How to Change Things
How do things get the way they are? How do we change them? This site is about some of the key techniques everybody uses to shape public events. Ask the right questions and you can change the way things are:
1. What's the problem? "War is unhealthy for children and other living things" may be a little broad. Break it down. What will winning look like? Be specific.
2. Who has a finger on the button? Who makes the decision? A public official? A CEO? Who could do what you want, if they were motivated? And had the resources? Take names.
3. Who influences the button pusher? Peers? Career? Voters? A regulatory agency? A board of directors? Whom must the "decider" listen to? Understand his or her environment.
4. What channels reach the influential? What media and person-to-person channels are accessible to you? Focus: How do the people you need to reach get their credible information?
5. What's in it for them? Your policy solution and advocacy strategy are designed to shift calculations of risk and reward. What makes inaction more costly, change more attractive?
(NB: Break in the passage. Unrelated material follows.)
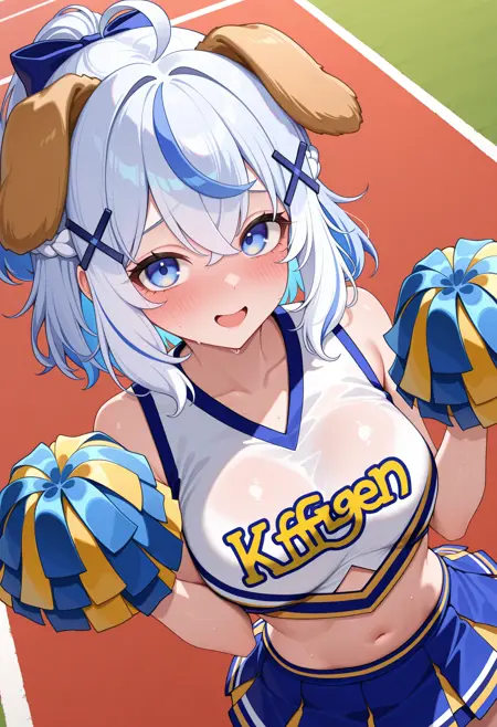 - 체어리리더, 땋은 머리, 반쪽 올린 머리, x 머리 장식, 강아지 귀, 토끼 꼬리, 흰색 크롭탑, 옷에 글자, 파란 트림, 허리, 파란 치마, 줄무늬,

6. What message fits the channel? Most people come up with the bumper sticker first. But in reality, your audience tells you what the message needs to be. And the channel that will carry it determines the precise form it takes.
See? It's not obvious, but it's not rocket science either. The world as you know it is made up of organized groups asking these exact questions and running the strategies that result. You can, too. With experienced advice, you can do it even quicker.
Hint: Run through these questions more than once. Every iteration will refine the answers and bring you closer to an action plan.